(Records from a collection)
"""
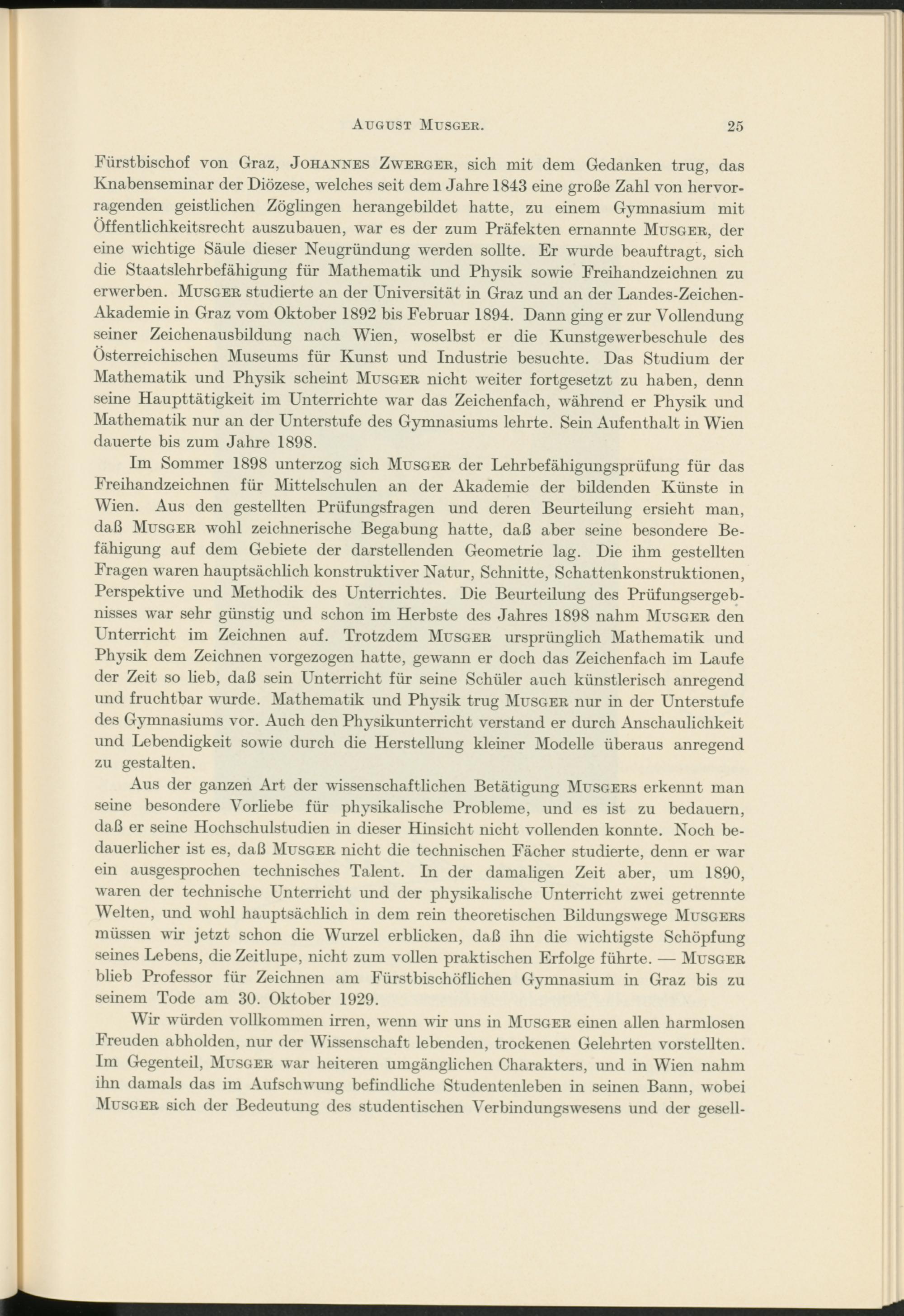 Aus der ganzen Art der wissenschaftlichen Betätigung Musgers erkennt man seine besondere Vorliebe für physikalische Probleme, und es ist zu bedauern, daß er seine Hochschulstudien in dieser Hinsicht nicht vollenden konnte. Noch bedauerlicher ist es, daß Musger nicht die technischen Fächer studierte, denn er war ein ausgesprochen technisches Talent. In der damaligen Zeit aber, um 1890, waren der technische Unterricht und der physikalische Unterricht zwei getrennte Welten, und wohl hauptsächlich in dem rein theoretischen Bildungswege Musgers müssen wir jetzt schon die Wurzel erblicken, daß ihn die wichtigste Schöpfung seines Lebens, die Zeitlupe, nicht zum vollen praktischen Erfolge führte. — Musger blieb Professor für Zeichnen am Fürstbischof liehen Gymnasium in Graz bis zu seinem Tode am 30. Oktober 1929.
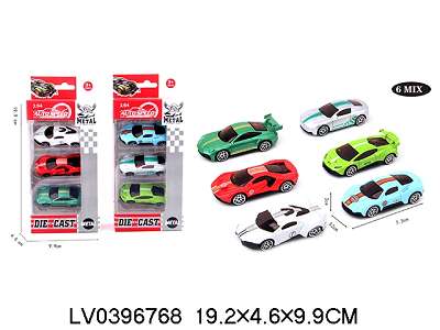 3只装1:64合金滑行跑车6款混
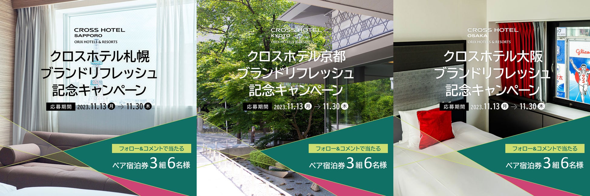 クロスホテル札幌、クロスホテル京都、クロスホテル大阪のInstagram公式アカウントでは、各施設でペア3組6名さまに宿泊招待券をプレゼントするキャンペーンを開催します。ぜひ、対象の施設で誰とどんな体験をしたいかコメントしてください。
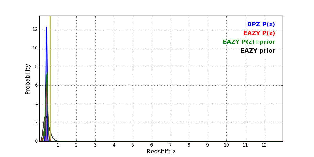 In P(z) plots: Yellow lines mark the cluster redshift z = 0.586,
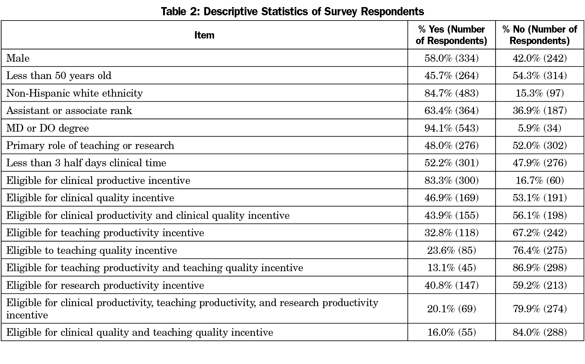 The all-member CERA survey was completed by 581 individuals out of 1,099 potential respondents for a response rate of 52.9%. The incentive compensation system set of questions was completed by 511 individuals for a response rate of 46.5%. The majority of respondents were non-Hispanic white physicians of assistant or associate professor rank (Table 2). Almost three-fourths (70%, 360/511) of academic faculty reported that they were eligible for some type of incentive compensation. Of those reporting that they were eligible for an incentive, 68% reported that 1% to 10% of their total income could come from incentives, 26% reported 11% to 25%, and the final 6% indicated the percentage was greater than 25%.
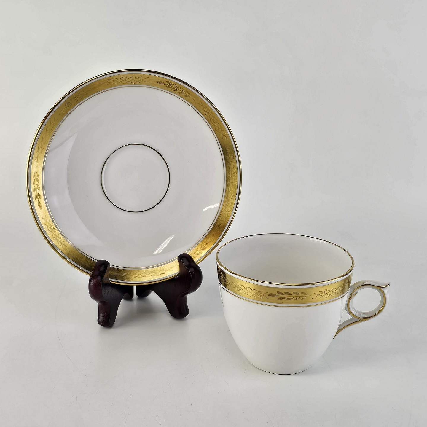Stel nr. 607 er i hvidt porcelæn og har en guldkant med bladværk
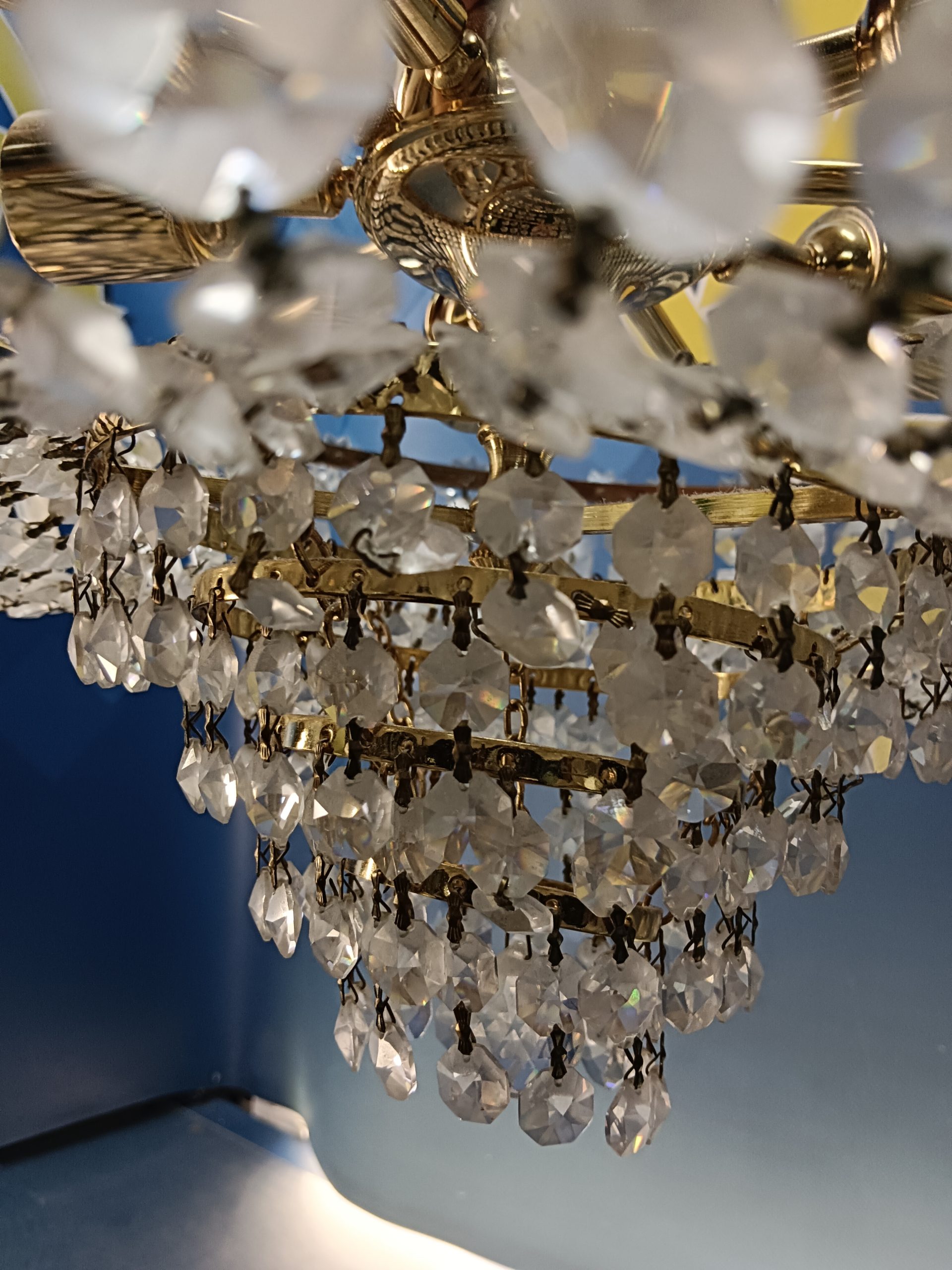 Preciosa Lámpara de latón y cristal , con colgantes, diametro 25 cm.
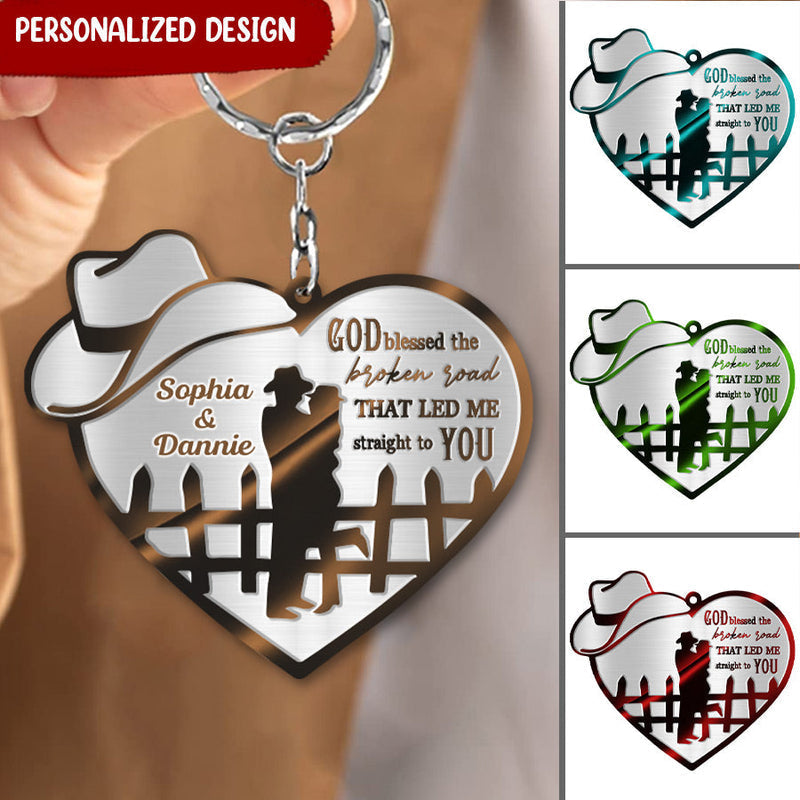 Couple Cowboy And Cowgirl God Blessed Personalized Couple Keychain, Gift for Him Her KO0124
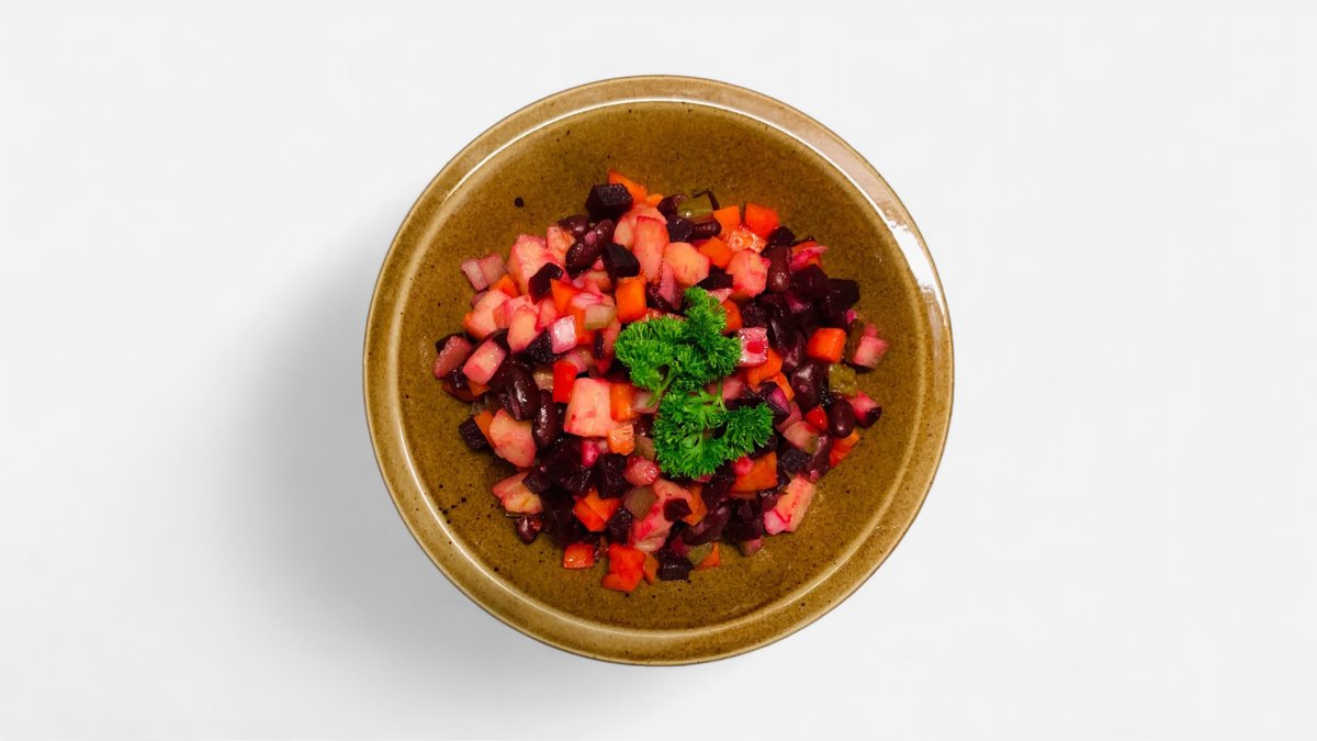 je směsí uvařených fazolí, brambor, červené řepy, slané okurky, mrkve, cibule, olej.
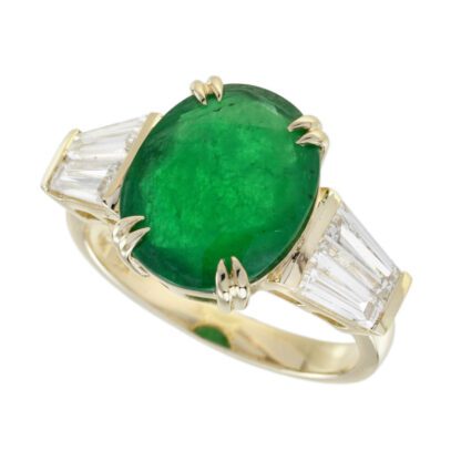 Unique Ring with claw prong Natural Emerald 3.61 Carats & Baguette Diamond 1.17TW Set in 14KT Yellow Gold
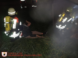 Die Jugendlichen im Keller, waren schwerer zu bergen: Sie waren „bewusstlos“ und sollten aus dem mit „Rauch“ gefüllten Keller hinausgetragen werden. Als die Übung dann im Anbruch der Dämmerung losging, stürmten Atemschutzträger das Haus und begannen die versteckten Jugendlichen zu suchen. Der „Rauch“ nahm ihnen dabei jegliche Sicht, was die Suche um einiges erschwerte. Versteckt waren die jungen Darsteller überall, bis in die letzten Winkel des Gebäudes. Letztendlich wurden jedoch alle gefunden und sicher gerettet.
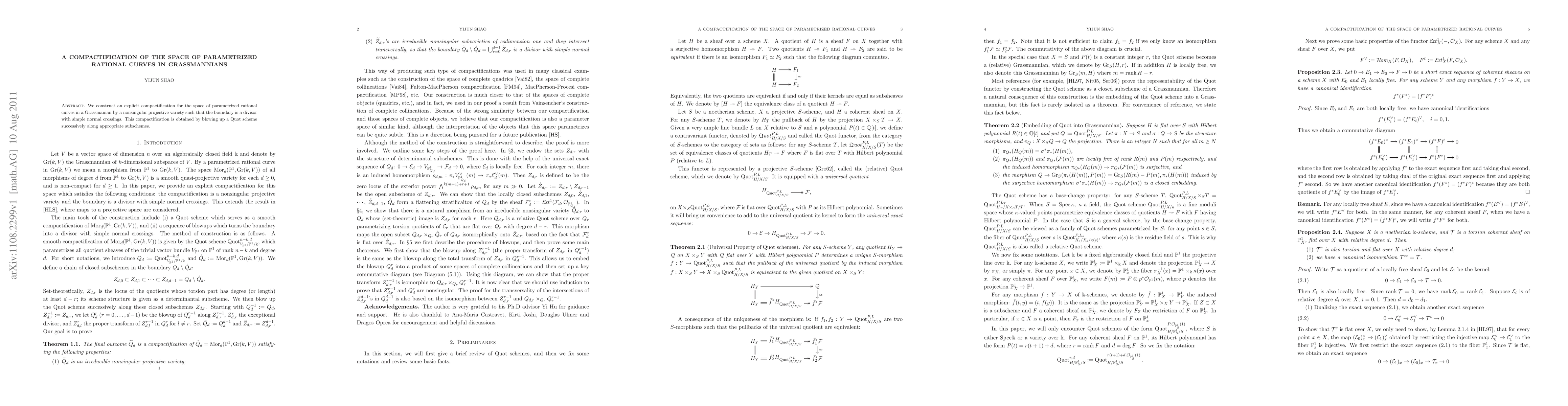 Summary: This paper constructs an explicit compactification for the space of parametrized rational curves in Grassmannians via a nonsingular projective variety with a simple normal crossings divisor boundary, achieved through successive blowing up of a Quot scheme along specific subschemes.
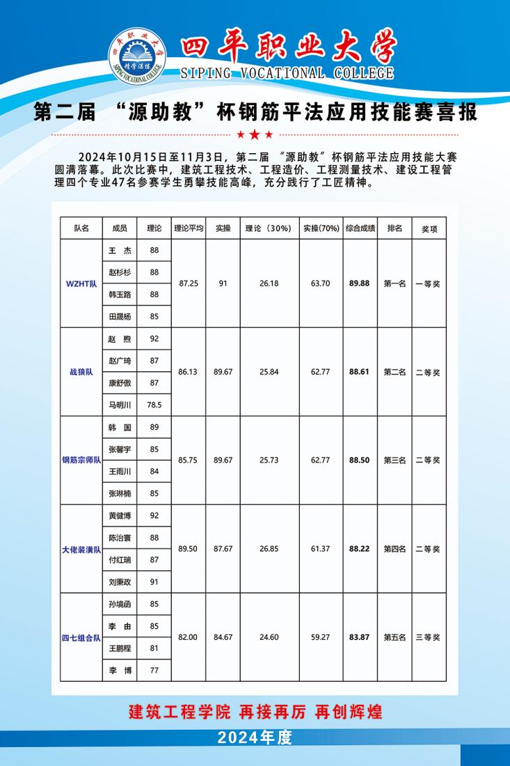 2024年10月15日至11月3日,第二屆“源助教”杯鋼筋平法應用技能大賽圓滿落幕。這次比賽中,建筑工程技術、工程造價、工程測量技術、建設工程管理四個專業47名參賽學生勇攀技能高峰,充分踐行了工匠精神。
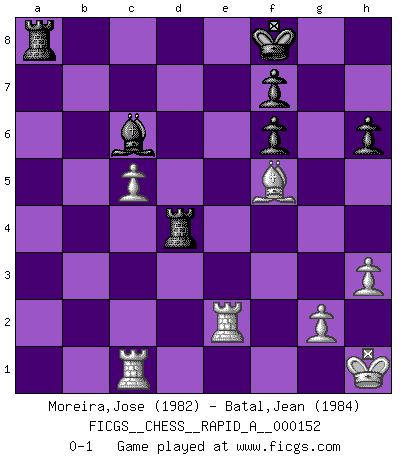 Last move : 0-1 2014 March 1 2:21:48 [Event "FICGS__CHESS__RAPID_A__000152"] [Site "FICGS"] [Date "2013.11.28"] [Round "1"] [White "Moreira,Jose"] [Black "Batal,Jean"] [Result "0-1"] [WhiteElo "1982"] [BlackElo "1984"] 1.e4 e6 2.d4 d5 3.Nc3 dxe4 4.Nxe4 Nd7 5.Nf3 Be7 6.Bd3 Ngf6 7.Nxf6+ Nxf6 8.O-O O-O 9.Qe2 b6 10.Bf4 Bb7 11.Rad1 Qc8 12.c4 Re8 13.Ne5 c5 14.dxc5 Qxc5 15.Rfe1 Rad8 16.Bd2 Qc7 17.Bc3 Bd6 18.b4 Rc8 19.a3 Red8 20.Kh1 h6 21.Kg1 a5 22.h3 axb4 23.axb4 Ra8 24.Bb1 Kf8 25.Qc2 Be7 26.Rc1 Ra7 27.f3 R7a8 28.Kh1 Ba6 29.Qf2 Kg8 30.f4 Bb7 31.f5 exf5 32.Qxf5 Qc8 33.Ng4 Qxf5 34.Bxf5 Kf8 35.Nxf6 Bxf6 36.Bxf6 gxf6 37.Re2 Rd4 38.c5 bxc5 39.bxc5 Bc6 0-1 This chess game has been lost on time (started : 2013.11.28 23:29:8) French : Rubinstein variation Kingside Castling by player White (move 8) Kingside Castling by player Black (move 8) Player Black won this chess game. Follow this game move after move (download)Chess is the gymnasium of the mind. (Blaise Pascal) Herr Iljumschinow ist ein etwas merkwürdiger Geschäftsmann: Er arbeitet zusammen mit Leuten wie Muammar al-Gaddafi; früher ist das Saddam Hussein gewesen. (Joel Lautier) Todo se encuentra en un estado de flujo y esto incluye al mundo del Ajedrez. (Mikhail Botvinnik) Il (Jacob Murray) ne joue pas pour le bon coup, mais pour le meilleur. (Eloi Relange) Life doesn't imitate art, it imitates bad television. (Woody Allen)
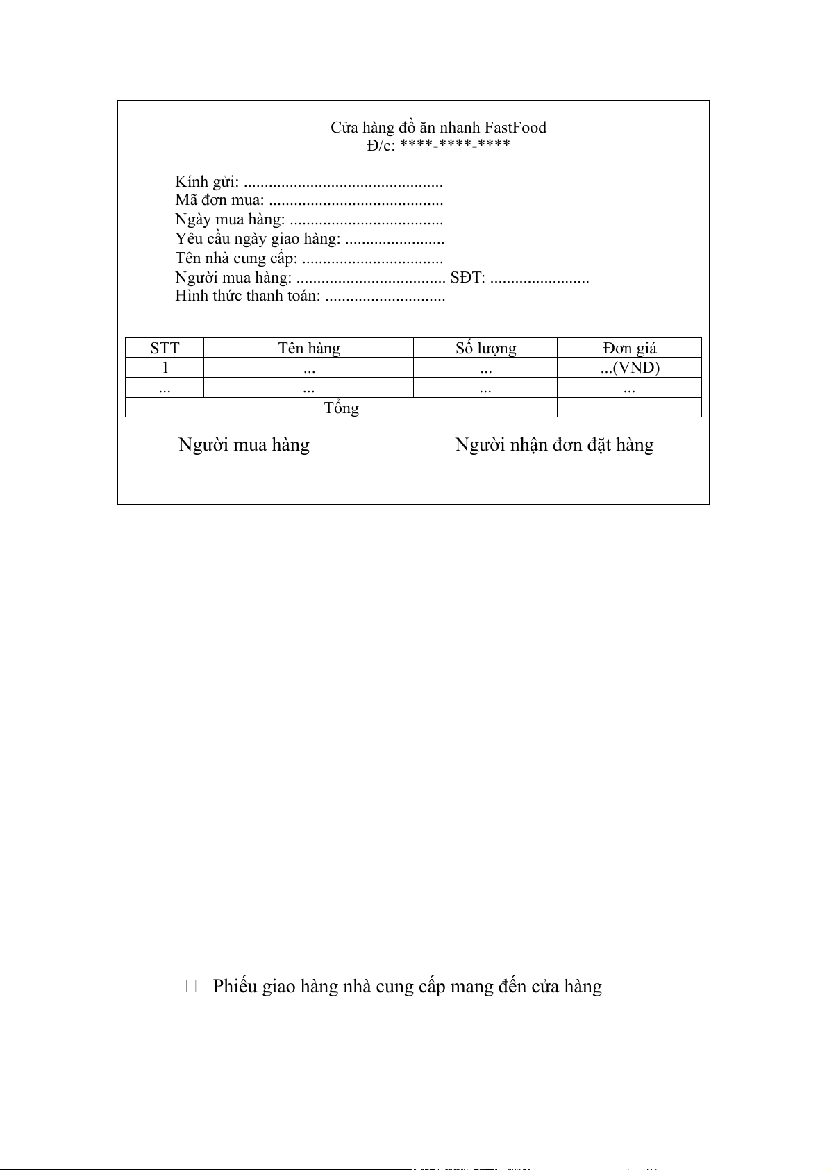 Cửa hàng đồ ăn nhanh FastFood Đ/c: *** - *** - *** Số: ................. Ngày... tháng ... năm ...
"""
What this task involves: Give again the stretch of lines above from the one with "Unique Ring with" through the one with "2024年10月15日至11", both ends kept, and copy no pictures.

Exercise output:
 Unique Ring with claw prong Natural Emerald 3.61 Carats & Baguette Diamond 1.17TW Set in 14KT Yellow Gold
 Die Jugendlichen im Keller, waren schwerer zu bergen: Sie waren „bewusstlos“ und sollten aus dem mit „Rauch“ gefüllten Keller hinausgetragen werden. Als die Übung dann im Anbruch der Dämmerung losging, stürmten Atemschutzträger das Haus und begannen die versteckten Jugendlichen zu suchen. Der „Rauch“ nahm ihnen dabei jegliche Sicht, was die Suche um einiges erschwerte. Versteckt waren die jungen Darsteller überall, bis in die letzten Winkel des Gebäudes. Letztendlich wurden jedoch alle gefunden und sicher gerettet.
 Summary: This paper constructs an explicit compactification for the space of parametrized rational curves in Grassmannians via a nonsingular projective variety with a simple normal crossings divisor boundary, achieved through successive blowing up of a Quot scheme along specific subschemes.
 2024年10月15日至11月3日,第二屆“源助教”杯鋼筋平法應用技能大賽圓滿落幕。這次比賽中,建筑工程技術、工程造價、工程測量技術、建設工程管理四個專業47名參賽學生勇攀技能高峰,充分踐行了工匠精神。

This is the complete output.